* [Records to use]
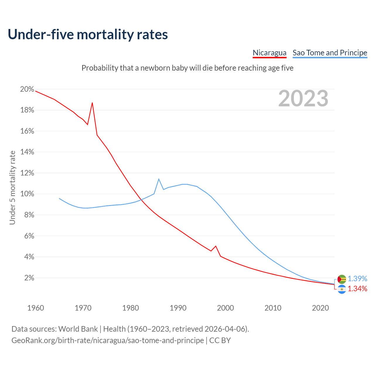The chance that a newborn baby will die before reaching age five is 1.34% in Nicaragua and 1.39% in Sao Tome and Principe. Above is a chart with historical data on under-five mortality rates.
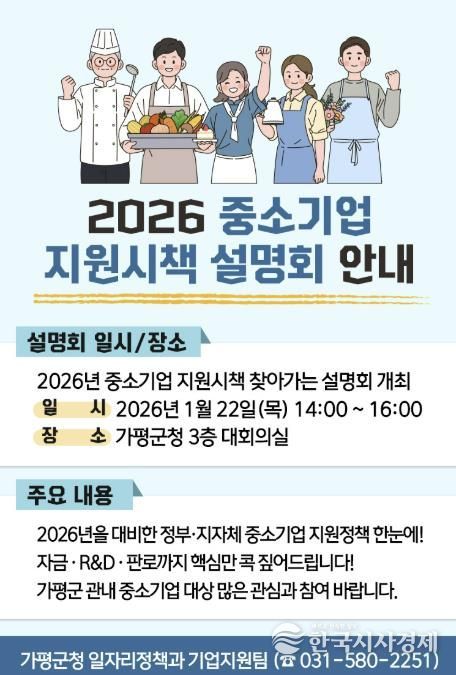 가평군은 관내 중소기업을 대상으로 ‘2026년 중소기업 지원시책 설명회’를 오는 22일 오후 2시 가평군청 3층 대회의실에서 개최한다고 밝혔다. 이번 설명회는 2026년도 중소기업 지원정책을 종합적으로 소개하는 한편 기업 현장의 애로사항을 직접 청취해 정책 수요에 반영하기 위해 마련됐다. 설명회에는 중소벤처기업진흥공단, 기술보증기금, 소상공인진흥공단, 경기중소벤처기업청 등 10개 기관이 참여한다.
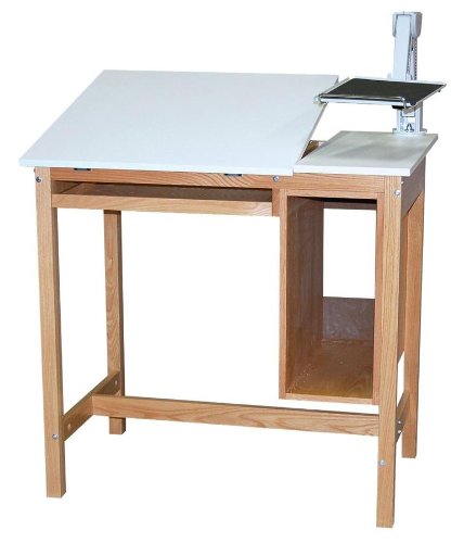 A pull out keyboard tray and an adjustable monitor arm enhance this durable wood computer table, featuring a clear lacquer finish and a white resin drafting table top. The table features a raised CPU storage compartment and is available in your choice of size options. Table is standard with an adjustable monitor arm and pull out keyboard tray that is fitted with metal ball bearing slides . White fiber resin core top . No tool drawers . Table is finished with multiple coats of clear furniture grade lacquer . Assembled with thru-bolt construction . Top: 30 in. x 30 in. . 30 in. L x 42 in. W x 39.5 in. H (100 lbs.) . 30 in. L x 48 in. W x 39.5 in. H (105 lbs.)
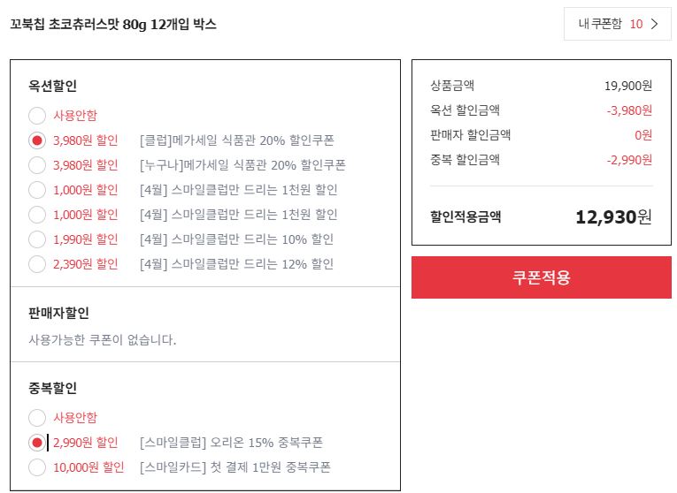 정가 19900원 / 최대 할인가 12930원
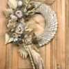 Kwiaty wianka wykonane są z dbałością o detale, a ich barwy tworzą harmonijną kompozycję, która wspaniale prezentuje się zarówno na drzwiach, jak i wewnątrz pomieszczeń. Dodatek welurowego serca i wstążek nadaje wiankowi delikatności i romantyzmu.
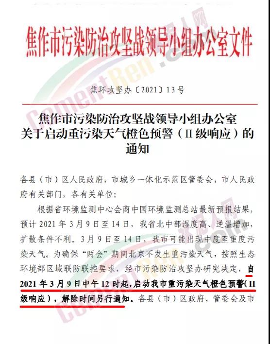 焦件市污染防治攻堅(jiān)戰(zhàn)領(lǐng)導(dǎo)小組辦公室文件發(fā)布《焦作市污染防治攻堅(jiān)戰(zhàn)領(lǐng)導(dǎo)小組辦公室關(guān)于啟動(dòng)重污染天氣橙色預(yù)警(Ⅱ級(jí)響應(yīng))的通知》稱(chēng)自2021年3月9日中午12時(shí)起,啟動(dòng)焦作市重污染天氣橙色預(yù)警(Ⅱ級(jí)響應(yīng)),解除時(shí)間另行通知。

* [What the exercise asks] Word-for-word repeat, images excluded: return all the data.

* [Exercise solution]
The chance that a newborn baby will die before reaching age five is 1.34% in Nicaragua and 1.39% in Sao Tome and Principe. Above is a chart with historical data on under-five mortality rates.
 가평군은 관내 중소기업을 대상으로 ‘2026년 중소기업 지원시책 설명회’를 오는 22일 오후 2시 가평군청 3층 대회의실에서 개최한다고 밝혔다. 이번 설명회는 2026년도 중소기업 지원정책을 종합적으로 소개하는 한편 기업 현장의 애로사항을 직접 청취해 정책 수요에 반영하기 위해 마련됐다. 설명회에는 중소벤처기업진흥공단, 기술보증기금, 소상공인진흥공단, 경기중소벤처기업청 등 10개 기관이 참여한다.
 A pull out keyboard tray and an adjustable monitor arm enhance this durable wood computer table, featuring a clear lacquer finish and a white resin drafting table top. The table features a raised CPU storage compartment and is available in your choice of size options. Table is standard with an adjustable monitor arm and pull out keyboard tray that is fitted with metal ball bearing slides . White fiber resin core top . No tool drawers . Table is finished with multiple coats of clear furniture grade lacquer . Assembled with thru-bolt construction . Top: 30 in. x 30 in. . 30 in. L x 42 in. W x 39.5 in. H (100 lbs.) . 30 in. L x 48 in. W x 39.5 in. H (105 lbs.)
 정가 19900원 / 최대 할인가 12930원
 Kwiaty wianka wykonane są z dbałością o detale, a ich barwy tworzą harmonijną kompozycję, która wspaniale prezentuje się zarówno na drzwiach, jak i wewnątrz pomieszczeń. Dodatek welurowego serca i wstążek nadaje wiankowi delikatności i romantyzmu.
 焦件市污染防治攻堅(jiān)戰(zhàn)領(lǐng)導(dǎo)小組辦公室文件發(fā)布《焦作市污染防治攻堅(jiān)戰(zhàn)領(lǐng)導(dǎo)小組辦公室關(guān)于啟動(dòng)重污染天氣橙色預(yù)警(Ⅱ級(jí)響應(yīng))的通知》稱(chēng)自2021年3月9日中午12時(shí)起,啟動(dòng)焦作市重污染天氣橙色預(yù)警(Ⅱ級(jí)響應(yīng)),解除時(shí)間另行通知。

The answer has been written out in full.